The Neighborhood Safe Streets Bill (HB 1045) passed the State House today 86-10.
With its Senate companion bill (SB 5066) passing the Transportation Committee unanimously earlier this month, things are looking good for the humble 20 mph neighborhood street bill.
The bill has strong bipartisan support. Not only that, but three Republicans who voted against the bill in the House Transportation Committee—Norm Johnson, Linda Kochmar and Dan Kristiansen—changed their votes to yes during the full House vote.
But, of course, this is not the time to look away. Anything could happen. The bill was very popular in both chambers last year, as well. But it languished on the Senate floor as the legislative body devolved into a standstill over unrelated issues.
The broad appeal of the bill reaches well beyond the big cities to neighborhoods in cities and towns across the state. The bill would not directly change speed limits, but it would allow municipalities to choose to lower speeds on side streets (not major commercial streets and highways) without the need for costly and time-consuming traffic studies which would inevitably find no significant impact since the streets in question are not major thoroughfares.
Speeds on such streets are most often 25 mph today. Studies show that a person struck by a car going 30 miles per hour has a 40 percent chance of dying. When the speed drops to 20 mph, the chance of dying drops to 5 percent. So while a few mph might seem like a small safety gain, it can actually be the difference between life and death.
If you are curious about which streets the law would apply to, go to Google Maps. In general, streets that are yellow do not apply (I’m sure there are some exceptions to this, but it’s a good ballpark idea).
UPDATE: Here’s how BikeWA’s Blake Trask describes the bill:
“The Neighborhood Safe Streets Bill applies to non-arterial roadways as they are classified in the Manual on Uniform Traffic Control Devices (MUTCD) and by local jurisdictions.

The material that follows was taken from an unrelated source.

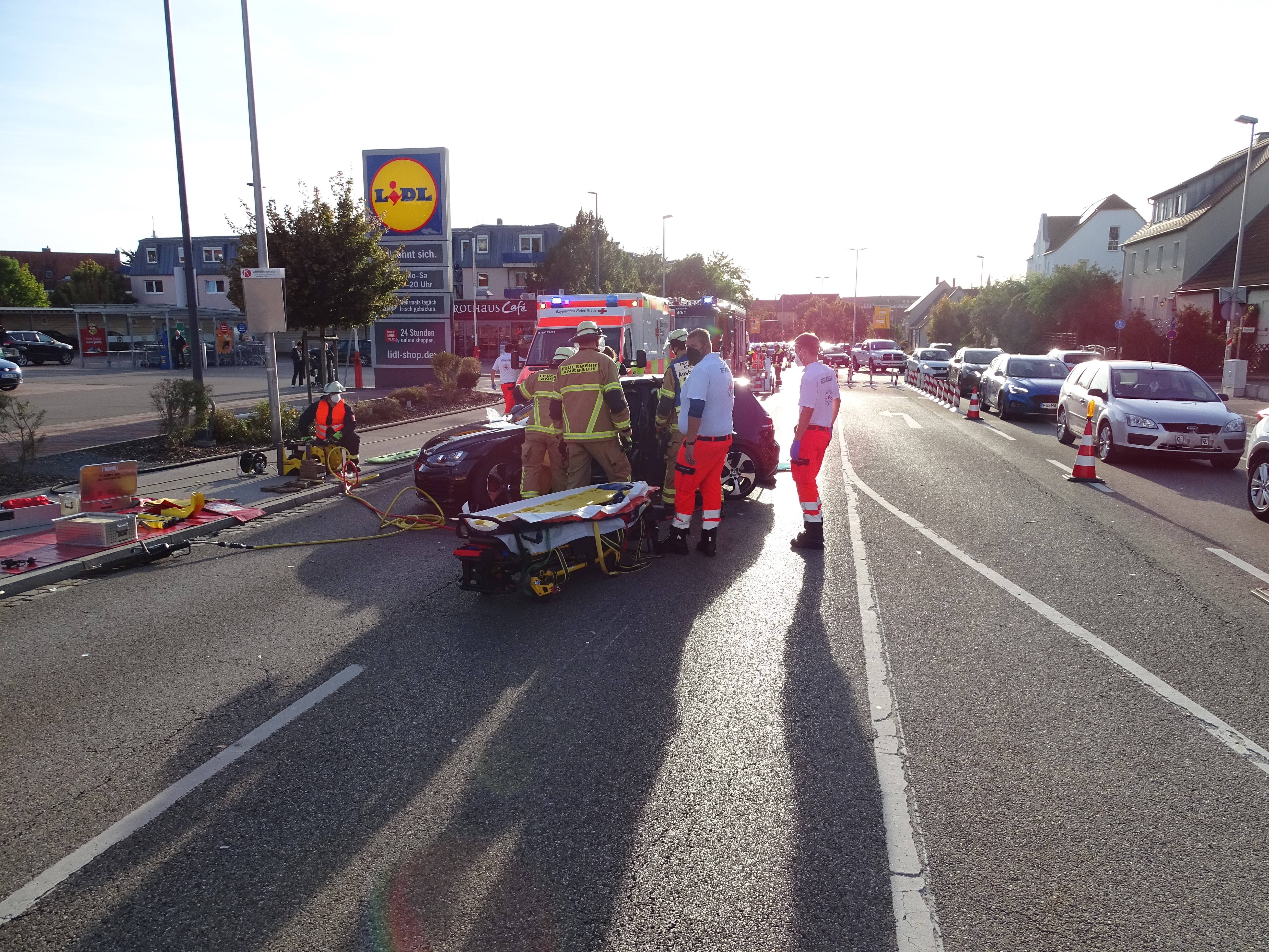 Bei Eintreffen stellte sich heraus, dass zwei Pkw im Bereich einer Ausfahrt erheblich zusammengestoßen waren. In Rücksprache mit dem Notarzt wurde entschieden, dass eine der beiden Unfallbeteiligten aufgrund der Verletzungen schonend aus dem Pkw gerettet werden soll.

We all know these types of streets because they crisscross the neighborhoods where we live and play. This legislation does not affect state highways or interstates. In fact, state law clearly notes that highways are arterials. Arterials in Seattle are clearly classified by the city and range from Fauntleroy Way SW, Beacon Ave S, and 40th Ave NE. Typically, the de facto non-arterial speed is 25 miles per hour, so if a city or town chose to use this law it would result in a reduction in speed maximums from 25 to 20 miles per hour. While this seems like a small reduction in speed, the difference is huge if you get hit by a car or truck.”